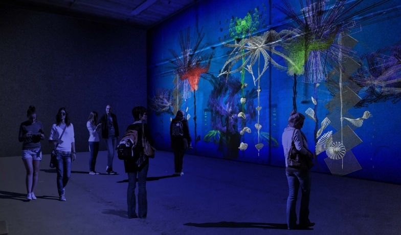Cette installation s’inspire de la faune et flore sous-marine, telles que les algues, les anémones. Des plantes aquatiques et des coraux géants de différentes couleurs et formes se génèrent aléatoirement à l’infini, et s’épanouissent avant de disparaître sous les yeux des visiteurs. Véritables “fleurs des mers”, elles dévoilent des formes géométriques poussées a l’extrême. Cet univers aquatique intriguant réagit au passage du visiteur quand il se déplace, créant un étrange et mystérieux dialogue avec lui.
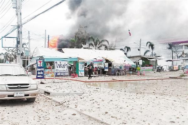 这是10月22日拍摄的泰国曼谷东郊邦波地区天然气管道爆炸现场。泰国首都曼谷市郊一天然气管道22日发生爆炸,造成3人死亡、28人受伤。警方表示,爆炸可能是一台挖掘机未经许可在天然气管道附近施工引发的,事故具体原因仍在调查中。
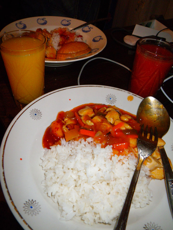 Punkt 7 waren wir wieder zu Hause. Die Vermieterin samt Tochter wartete schon draußen und übergab uns den Schlüssel. Alles lustig trallala. Es gab Reis mit Hühnchen und Uncle Ben’s asiatisch süß-saurer Soße. Das schmeckte und alles wieder im Lot.
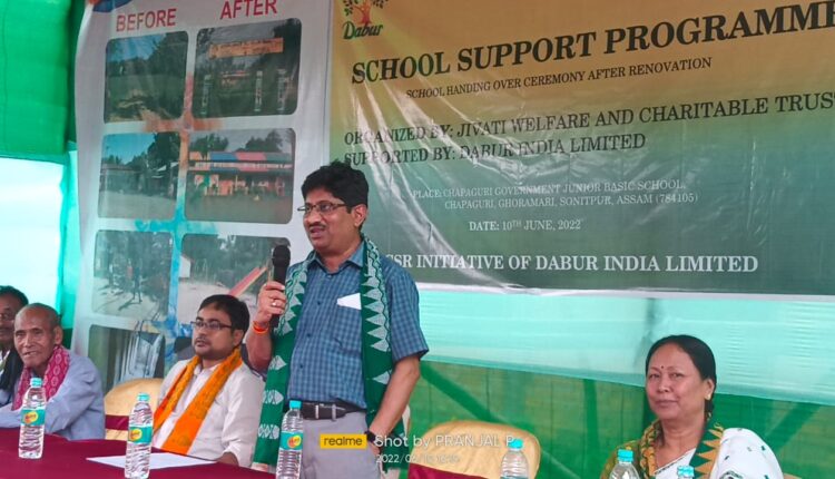 শোণিতপুৰৰ ঘোঁৰামাৰীৰ চপাগুৰি নিম্ন বুনিয়াদী বিদ্যালয়ত ঘোঁৰামাৰীস্থিত ডাবৰ ইণ্ডিয়াৰ জীৱন্টী ৱেলফেয়াৰ এণ্ড চেৰিটেবল ষ্ট্ৰাষ্টৰ উদ্যোগত বিদ্যালয় সহযোগ শীৰ্ষক এক অনুষ্ঠান অনুষ্ঠিত হয় । অনুষ্ঠান উন্মোচন কৰে ডাবৰ ইণ্ডিয়া প্ৰাইভেট লিমিটেডৰ ভি পি ( এইচ আৰ আৰু আই আৰ ) পাৰ্থ গাংগুলীয়ে । অনুষ্ঠানত ডাবৰৰ চি এছ আৰ উইংগৰ স্বৰজিচুমা বসুমতাৰী, ডাবৰ ইণ্ডিয়া তেজপুৰৰ ইউনিট হেড আলোক কুমাৰ ডুবে , এইচ আৰ মেনেজাৰ মঞ্জিৎ দাস , ঘোঁৰামাৰী গাঁও পঞ্চায়তৰ সভানেত্ৰী পদ্মা বসুমতাৰী, বালিপৰা শিক্ষাখণ্ডৰ সমল ব্যক্তি তপন দাসৰ লগতে ৰাইজ উপস্থিত থাকে ।উল্লেখ্য যে ডাবৰ ইণ্ডিয়াই উক্ত বিদ্যালয়খনৰ টিনপাত , ৱাল পেইনটিং, চাৰিসীমাৰ বেৰ, পকী গেট, খেল সুবিধা ইত্যাদি পুনৰ নিৰ্মাণ কৰি সু- ব্যৱস্থা কৰি দিছে ।

> Requirement: Retype each line of the data exactly, beginning with the first; include the line containing "这是10月22日拍摄的泰国曼" and stop there, skipping every picture.

> Result of this exercise:
Cette installation s’inspire de la faune et flore sous-marine, telles que les algues, les anémones. Des plantes aquatiques et des coraux géants de différentes couleurs et formes se génèrent aléatoirement à l’infini, et s’épanouissent avant de disparaître sous les yeux des visiteurs. Véritables “fleurs des mers”, elles dévoilent des formes géométriques poussées a l’extrême. Cet univers aquatique intriguant réagit au passage du visiteur quand il se déplace, créant un étrange et mystérieux dialogue avec lui.
 这是10月22日拍摄的泰国曼谷东郊邦波地区天然气管道爆炸现场。泰国首都曼谷市郊一天然气管道22日发生爆炸,造成3人死亡、28人受伤。警方表示,爆炸可能是一台挖掘机未经许可在天然气管道附近施工引发的,事故具体原因仍在调查中。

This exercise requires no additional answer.